HC Deb 11 November 1998 vol 319 cc209-10W
Mr. Jim Cunningham

To ask the Secretary of State for International Development what measures her Department has taken to encourage tropical nations to maintain the size and diversity of their rain forests. [58715]

Clare Short

My Department's aim is the elimination of poverty through the promotion of sustainable development, including conservation of the environment. Our approach towards the conservation of rain forests and the problem of deforestation is to support work with our country partners bilaterally and multilaterally to improve management of forest resources in ways that lead to a range of benefits to poor communities as well as helping to secure the global environmental benefits that forests offer. These activities positively encourage partner countries to protect and maintain the size and diversity of their forests.

Our approach to forests, encompasses a wide range of interventions from policy and sector planning, institutional development, education and training, through to forest information systems, forest management, forest conservation and research. The current portfolio of projects represents a commitment of £128 million.

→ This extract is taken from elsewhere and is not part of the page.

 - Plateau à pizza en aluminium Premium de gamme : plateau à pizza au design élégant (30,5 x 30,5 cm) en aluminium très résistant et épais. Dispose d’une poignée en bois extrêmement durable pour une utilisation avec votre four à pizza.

In the past year, DFID has also supported a number of important new initiatives, for example: a grant of £3 million to the Guyana Sustainable Human Development Project, which will benefit forest-dependent communities encircling the Iwokrama Rain Forest. a grant of £2 million to the UNDP's Global Programme on Forests: Forest Management to Support Sustainable Livelihoods Project, which will promote public and private sector partnerships for sustainable forest management. a grant of £400,000 to the FRA 2000 project-FAO's global assessment of the status and condition of forest resources.

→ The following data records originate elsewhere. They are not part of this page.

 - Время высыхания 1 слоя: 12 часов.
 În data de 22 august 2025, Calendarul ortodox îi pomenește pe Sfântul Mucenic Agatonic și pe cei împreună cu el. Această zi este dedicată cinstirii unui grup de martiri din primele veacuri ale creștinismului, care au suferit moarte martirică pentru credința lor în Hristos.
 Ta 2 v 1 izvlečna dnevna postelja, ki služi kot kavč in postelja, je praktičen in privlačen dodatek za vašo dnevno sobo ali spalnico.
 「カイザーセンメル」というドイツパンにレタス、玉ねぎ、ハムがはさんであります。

DFID also played an active part in the development and implementation of the Action Programme on Forests which was approved by Foreign Ministers and endorsed by Heads of Government at the G8 Birmingham Summit. This commits G8 Members to a range of specific measures at domestic and international levels designed to support sustainable forest management. DFID is also actively involved in the UN Intergovernmental Forum on Forests, whose remit is to promote and facilitate the implementation of the Intergovernmental Panel on Forests (IPF) proposals for action, and reviewing, monitoring and reporting on progress in the management, conservation and sustainable development of all types of forests. The UNDP Global Programme on Forests to which DFID has provided a substantial contribution will concentrate on the implementation of the IPF' s proposals for action. DFID also continues to support the work of the International Tropical Timber Organisation, which is dedicated to promoting the conservation, sustainable management and rational utilisation and trade of the world's tropical forest resources, through international co-operation.

Details of my Department's forestry activities are set out in our publications: forests MATTER and our DFID Forestry Sector Projects, both of which are in the Library of the House and are available from DFID' s Environment Policy Department.